*Exercise description*:
An exact reproduction of the lines below, from the first through the one with "Trái cây nghiền", is the whole answer; pictures have no place in it.

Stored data
== Segment start ==

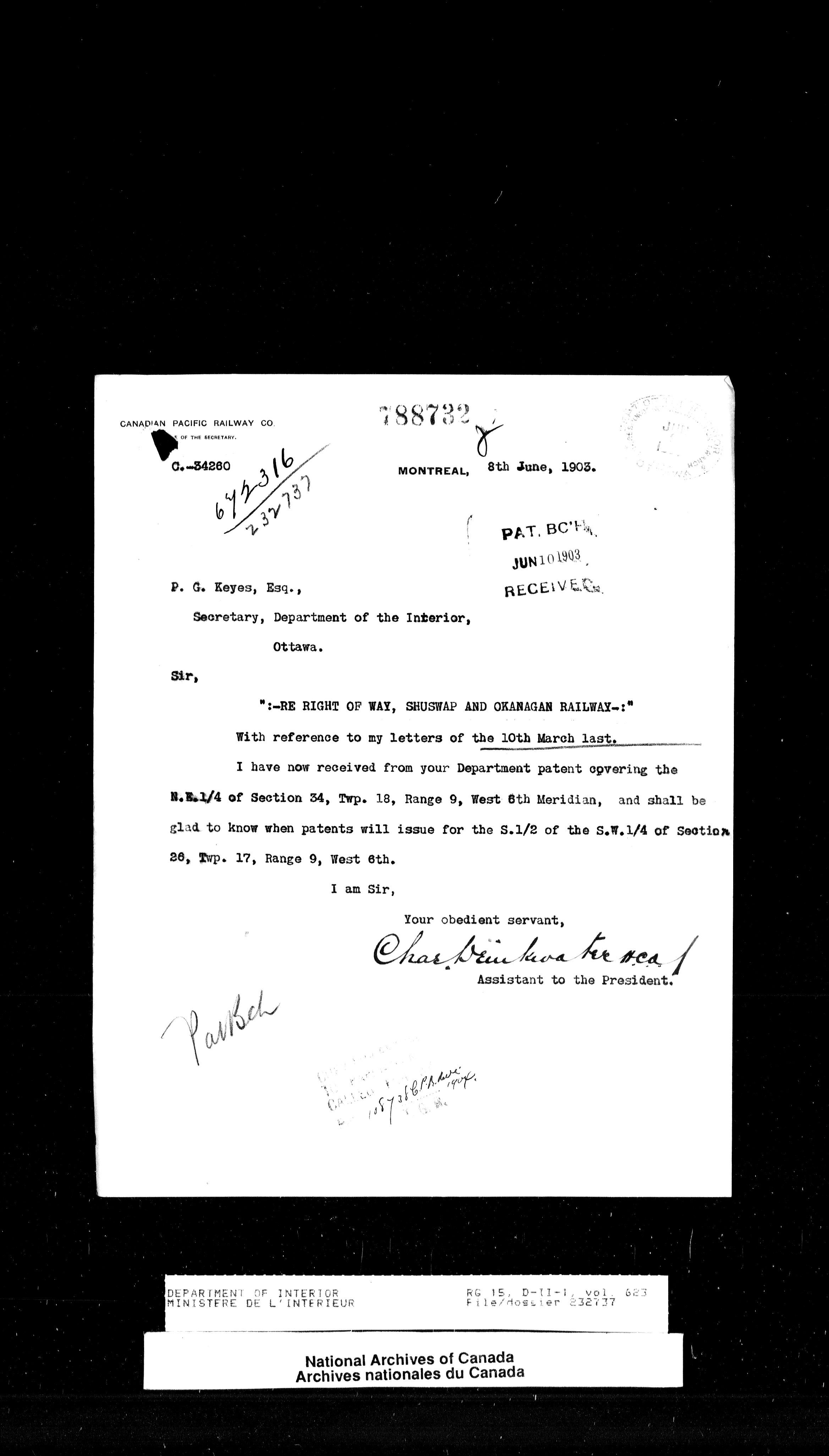 Central registry subject files created by the Dominion Lands Branch - 13871
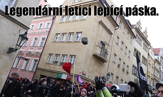Ve středu jsem si zašel s jednou kamarádkou do KFC do Kaprovy ulice v Praze a když jsme vycházeli ven, řinul se proti nám dav lidí s nějakými transparenty.
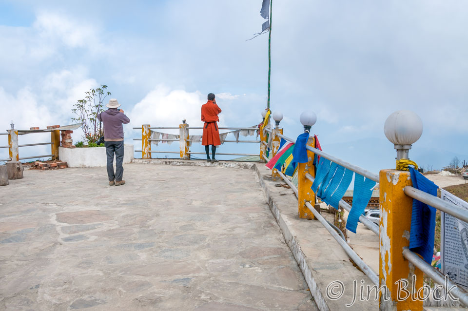 Reportedly the terrace had a great view of the mountains of Bhutan. Unfortunately the clouds did not cooperate. Here Stephen and Lakey attempt to get some photos.
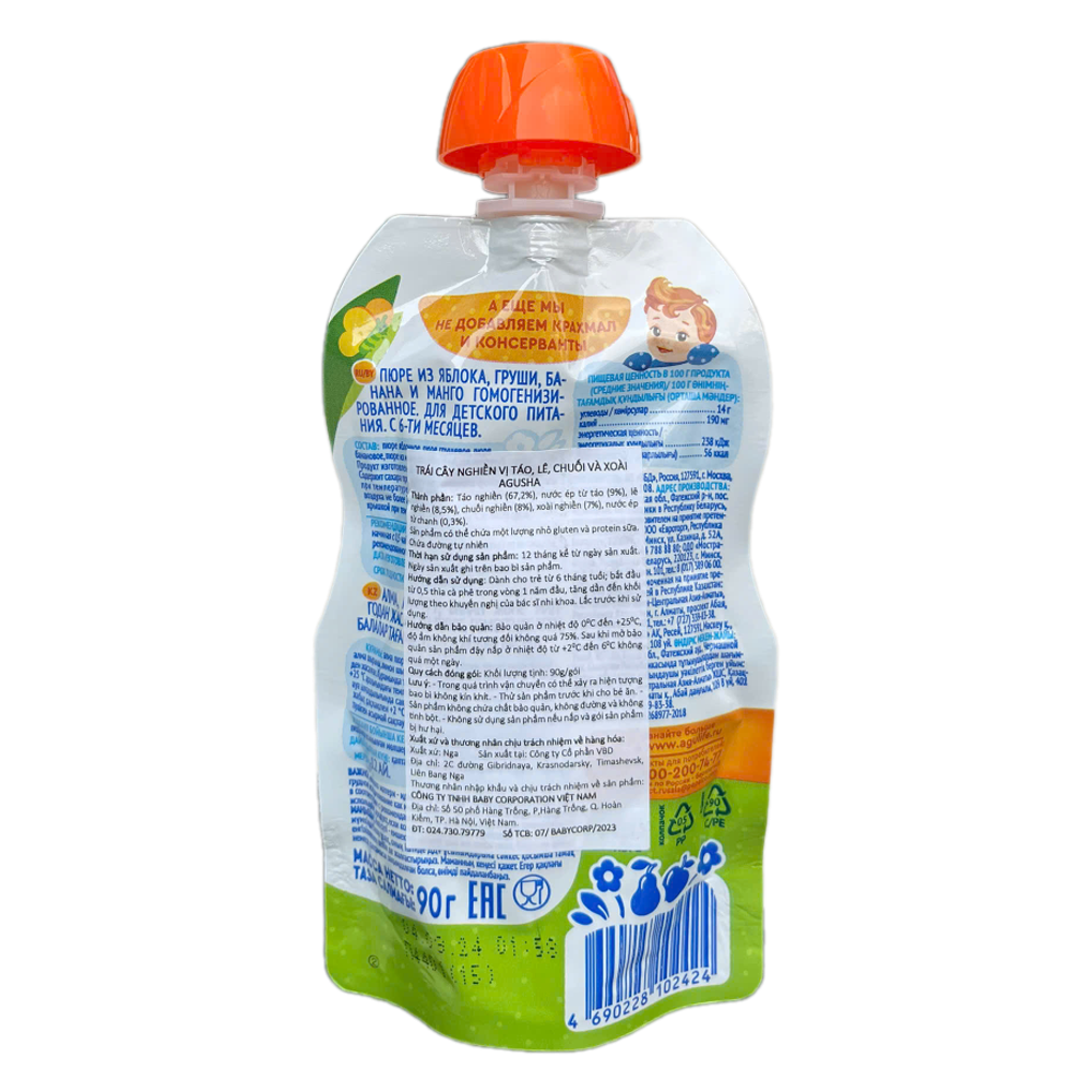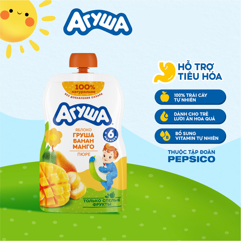 Trái cây nghiền cho bé Agusha vị vị táo, lê, chuối và xoài. Các loại hoa quả chứa protein và chất xơ, giúp cải thiện tiêu hóa và bài tiết các chất độc hại. Đặc biệt trong sản phẩm có chứa kali và protein có tính kháng khuẩn kháng viruts và các chất cần thiết cho trái tim bé khỏe mạnh hơn, giúp phát triển hệ thần kinh cũng như giúp sự trao đổi chất trong bé diễn ra tốt hơn
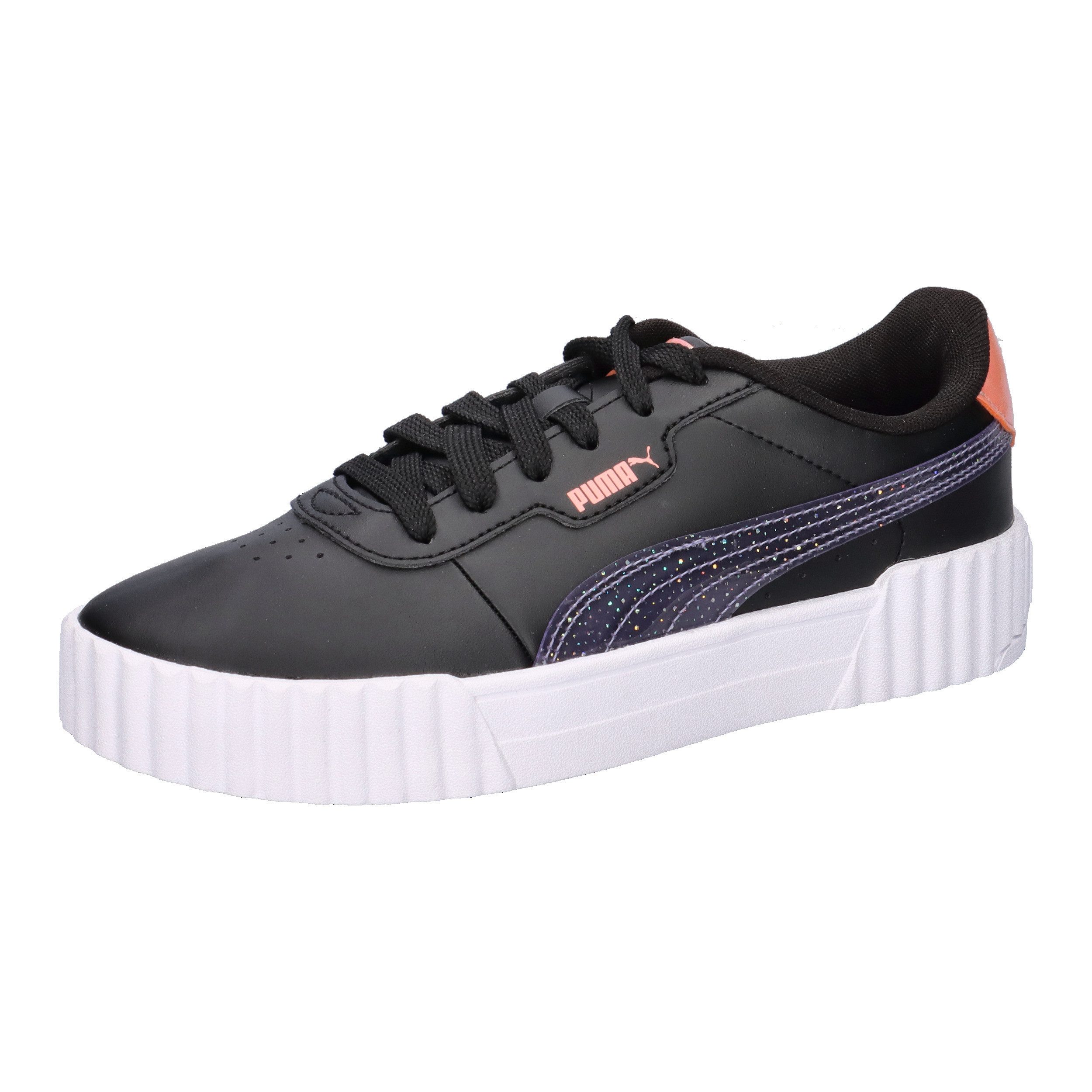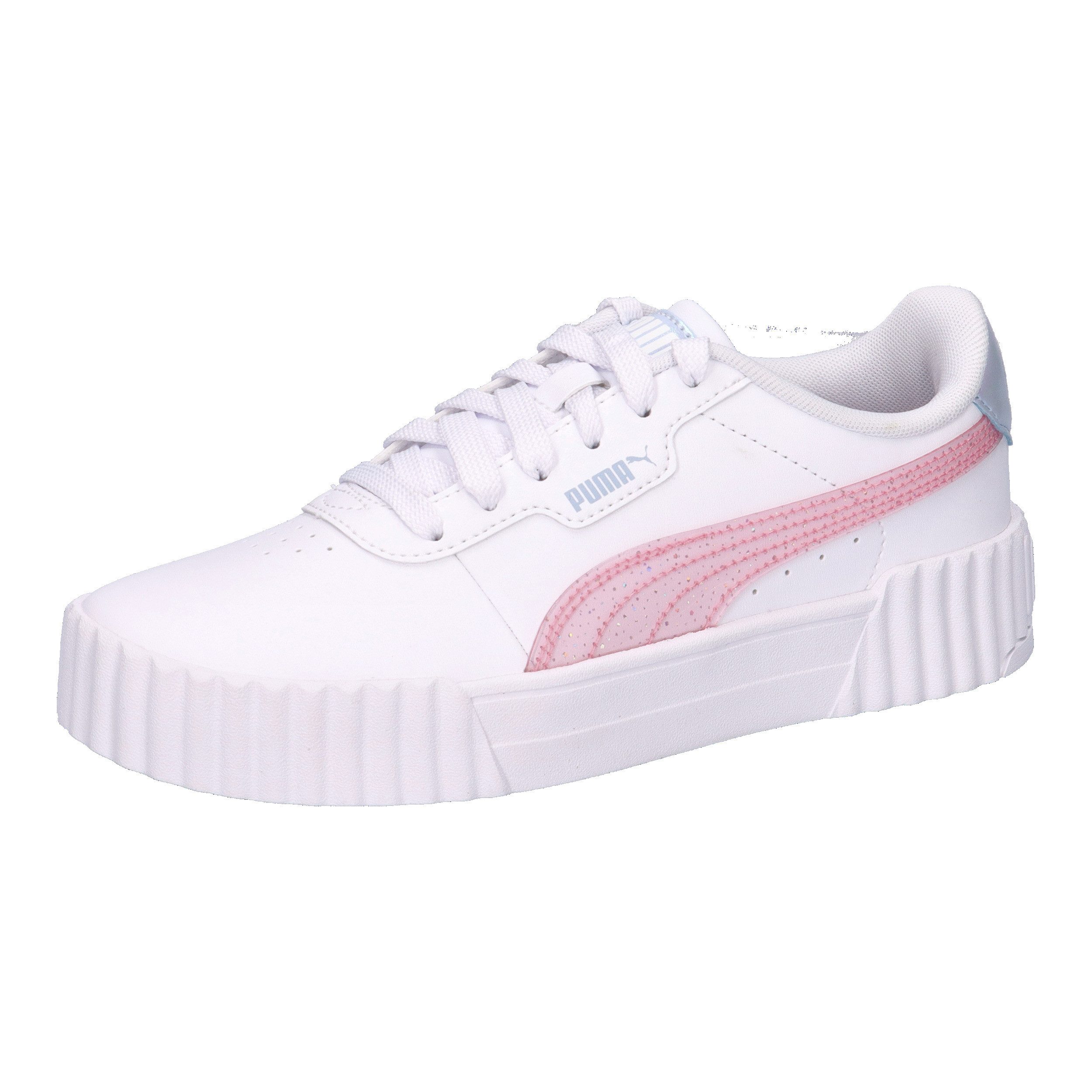 Puma Kinder Sneaker Carina 3.0 Blurry Dreams Jr. Inspiriert von der Tennisästhetik, umarmt dieser Schuh die Weiblichkeit für ein klassisches Modell. Mit seinem Obermaterial aus Leder und hochwertigem Synthetikleder und dem Softfoam-Fußbett ist dieser Schuh eine perfekte Mischung aus Komfort und Modernität. Die Softfoam+ Einlegesohle sorgt für hervorragende Dämpfung und optimalen Komfort bei jedem Schritt des Tages. Dieses Paket bietet einen surrealen, verträumten Vibe mit kaum sichtbaren Prints und einer floralen Farbpalette. Mit einer Aquarelltechnik werden weiche Farbverläufe erzielt, die durch perlmuttartige Details, durchscheinende Überlagerungen und einen Hauch von Glitter noch verstärkt werden. Obermaterial: Synthetik Leder Sonstiges Material, Futter und Decksohle: Textil, Laufsohle: Sonstiges Material.
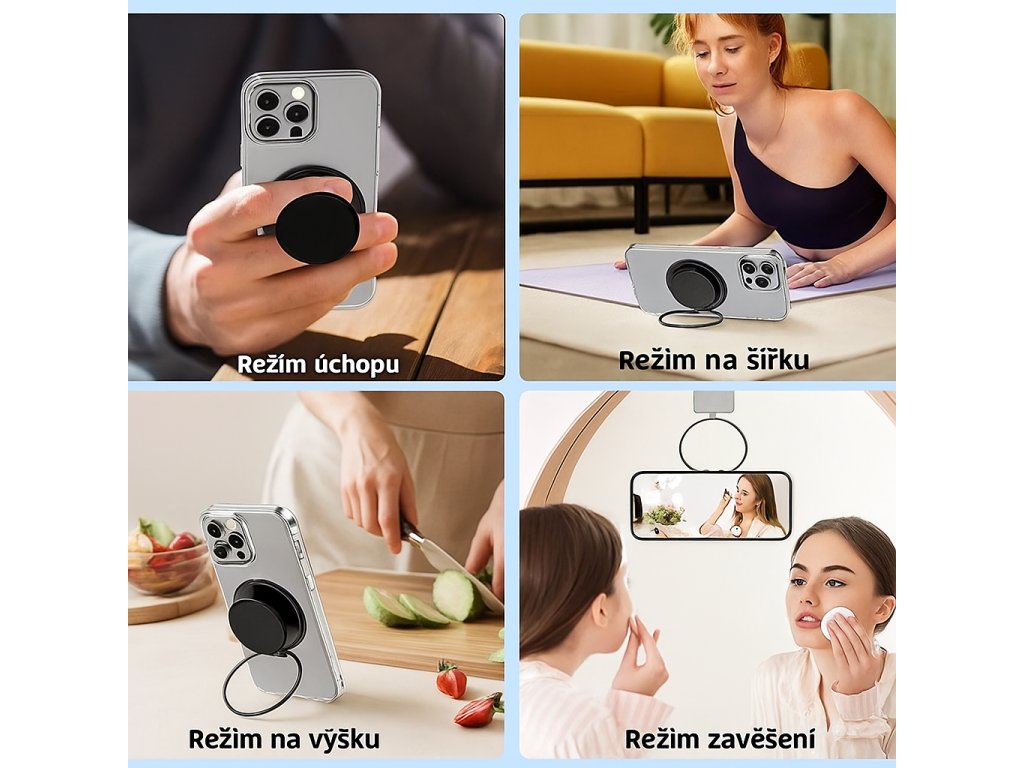 Magnetické desky + prstencový úchyt: umožňuje bezpečné držení telefonu, když píšete, fotíte nebo surfujete na internetu.
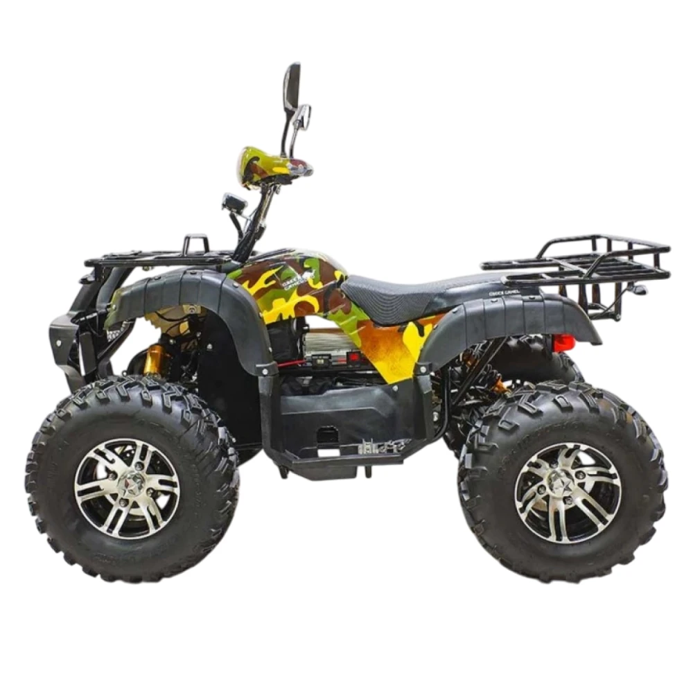 GreenCamel Sahara AWD 4x4 – отличный квадроцикл производимый в России. Он прекрасно подойдёт как подросткам возрастом от четырнадцати лет, так и взрослым. Его максимальная нагрузка: двести килограмм. GreenCamel Sahara AWD 4x4 можно разогнать до скорости 40 км/ч. На все колёса установлены дисковые гидравлические тормоза. Есть трехскоростной переключатель с ключом. Также имеется: фаркоп, зеркала, поворотники, сигнал, LCD дисплей. Имеется возможность отключать передний привод. Установленную штатную батарею 52Ah SLA GEL можно заменить на более ёмкую. Штатная, заряжается полностью за восемь часов и позволяет проехать 35 километров (при использовании обоих приводов) или 75 километров (при использовании одного привода).
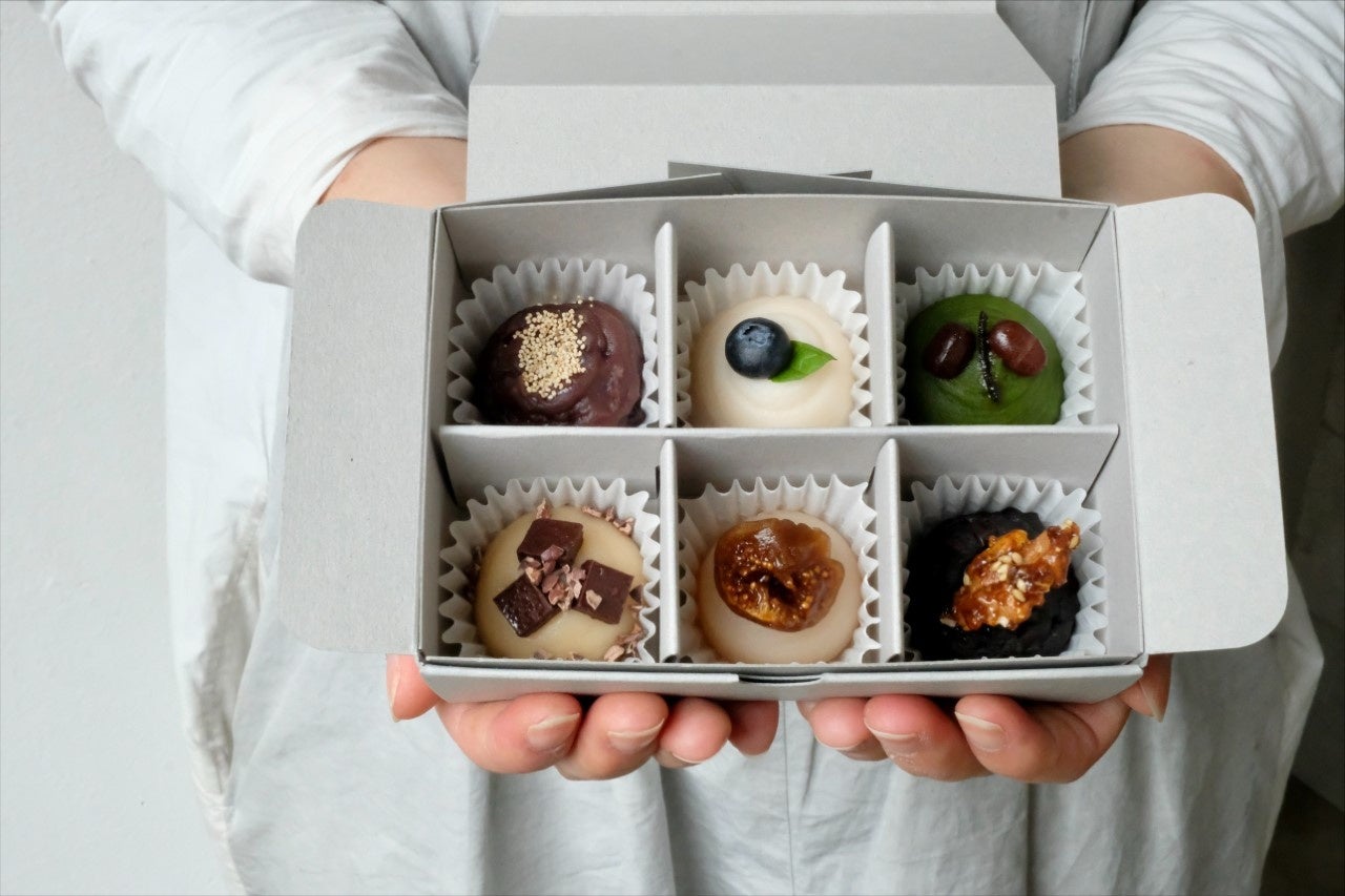 [小豆/けしの実]、[クリームチーズ餡/ブルーベリー]、[抹茶餡/大納言/塩昆布]、[ミルク餡/ショコラ/カカオニブ)]、[白みそ餡]、[黒ごま餡/胡桃キャラメリゼ]の6種の味をご用意。種皮はサクッとした食感を楽しんでいただくため、別包装でおわたしします。
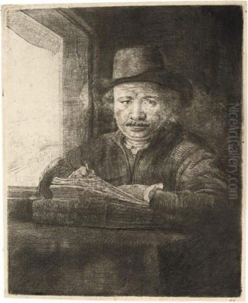 Self-portrait Drawing At A Window Oil Painting by Harmenszoon van Rijn Rembrandt
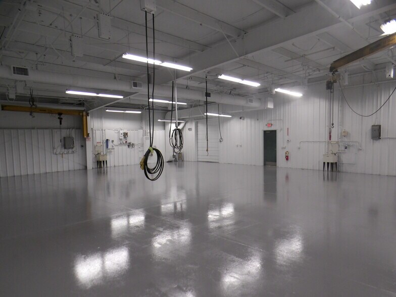 Efficient Building Features: 12’–13’ Clear height, one (1) drive-in door, three (3) ½-ton jib cranes in place, and 100% air conditioning throughout.
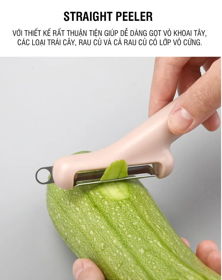 - Dao bào củ quả Straight Peeler với thiết kế rất thuận tiện giúp dễ dàng gọt vỏ khoai tây, các loại trái cây, rau củ và cả rau củ có lớp vỏ cứng
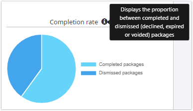 This chart displays the share of packages completed to all the finalized packages. It provides the proportion between positively finalized and dismissed (declined, expired and voided) packages. Packages with status prepared are ignored in this graph.

== Segment end ==

*Result of this task*:
 Central registry subject files created by the Dominion Lands Branch - 13871
Ve středu jsem si zašel s jednou kamarádkou do KFC do Kaprovy ulice v Praze a když jsme vycházeli ven, řinul se proti nám dav lidí s nějakými transparenty.
 Reportedly the terrace had a great view of the mountains of Bhutan. Unfortunately the clouds did not cooperate. Here Stephen and Lakey attempt to get some photos.
 Trái cây nghiền cho bé Agusha vị vị táo, lê, chuối và xoài. Các loại hoa quả chứa protein và chất xơ, giúp cải thiện tiêu hóa và bài tiết các chất độc hại. Đặc biệt trong sản phẩm có chứa kali và protein có tính kháng khuẩn kháng viruts và các chất cần thiết cho trái tim bé khỏe mạnh hơn, giúp phát triển hệ thần kinh cũng như giúp sự trao đổi chất trong bé diễn ra tốt hơn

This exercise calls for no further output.